Itu usia saat aku pertama kali sadar akan kehadiran radio itu. Takjub, terheran-heran, dan bingung.
"Bagaimana mungkin ada orang yang berbicara dan bernyanyi di dalam kotak radio itu?"
Tidakkah pertanyaan itu membuatku tampak dungu? Ah, jangan dungu. Tapi bodoh. Ini lebih sopan.
Tak ada yang bisa menjawab pertanyaanku. Jangankan anak-anak kakekku nomor dua itu. Bahkan kakekku itupun tak mampu menjawab. Padahal dia kepala desa.
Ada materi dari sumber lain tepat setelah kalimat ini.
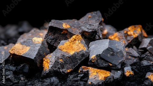 Raw black ore with gold inclusions closeup Rich mineral texture background
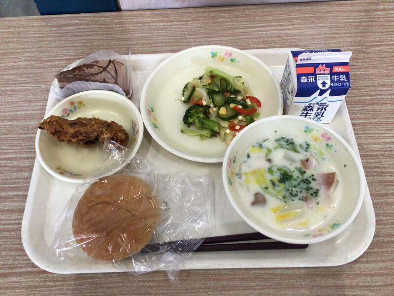 牛乳、丸パン、白菜のクリームスープ、唐揚げ、もみのきサラダ、セレクトケーキ
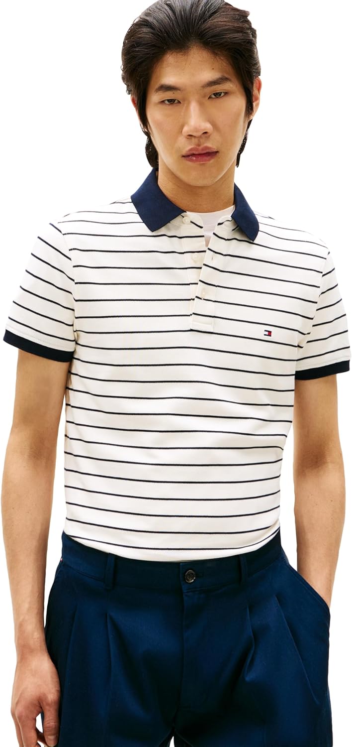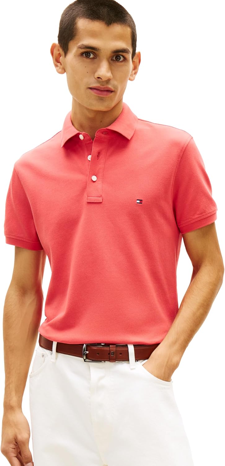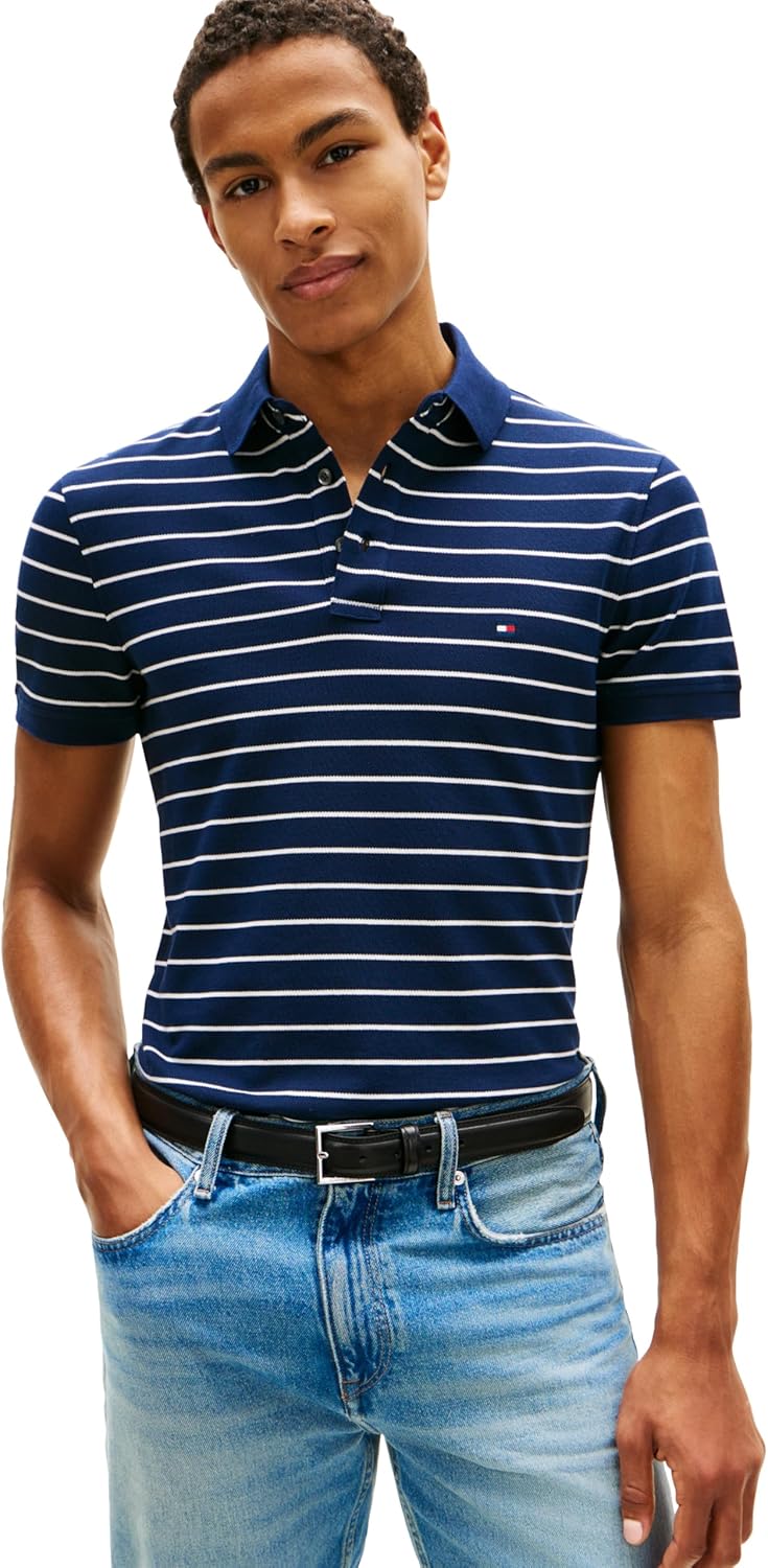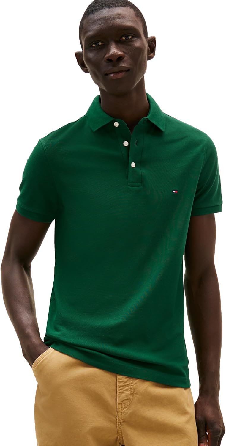 Introducing Tommy Hilfiger's iconic polo shirts for men, crafted from premium organic cotton and stretch fibers for optimal shape retention and comfort. Renowned for its timeless cut, sharp aesthetic, and comfortable fit, this best-selling polo remains a staple year after year. Tommy Hilfiger's polo shirts boast a blend of premium cotton and stretch fibers, making them the go-to choice for men seeking both style and functionality. Perfect for golfing with its natural breathability and stretch, this polo offers unparalleled comfort on and off the course. Designed with a slim fit that's slim through the chest and shoulders, this button-down polo exudes a casual yet polished look. Pair it effortlessly with your favorite Tommy Hilfiger shorts, pants, jeans, or jackets for versatile styling options suitable for any occasion, whether it's a casual outing or a formal event. Ideal for daily wear, work, school, events, vacation, or sports like golf and tennis, this men's polo is a wardrobe essential. Treat yourself or surprise a loved one with this timeless piece, perfect for fathers, brothers, boyfriends, husbands, sons, or friends. Elevate your everyday style with the unbeatable quality and sophistication of Tommy Hilfiger's men's polo shirts.

Maka aku mendengar radio itu dalam balutan imajinasi. Saat, misalnya, Titik Sandhora dan Muchsin Alatas melantunkan Bermain Tali, aku bayangkan keduanya sepasang liliput yang bernyanyi di dalam kotak radio.
Begitupun saat radio memperdengarkan lagu India dalam duet. Aku membayangkan dua sejoli sedang bernyanyi sambil berkejaran di padang rumput. Aku tak bisa menangkap liriknya. Tapi aku menikmatinya.
Sedikit lebih seram. Saat warta berita, aku membayangkan ada kepala laki-laki atau perempuan yang berkata-kata di dalam kotak radio.
Maka kusebut kotak radio itu kotak ajaib. Ada para liliput dan kepala-kepala manusia di dalamnya.
Kurang bodoh apa lagi aku? Coba beri jawaban menghibur.
***Â
Beruntung aku punya amanguda, adik bapak, yang kuliah di IKIP Medan di Siantar. Dialah yang bisa menjelaskan cara kerja radio itu padaku.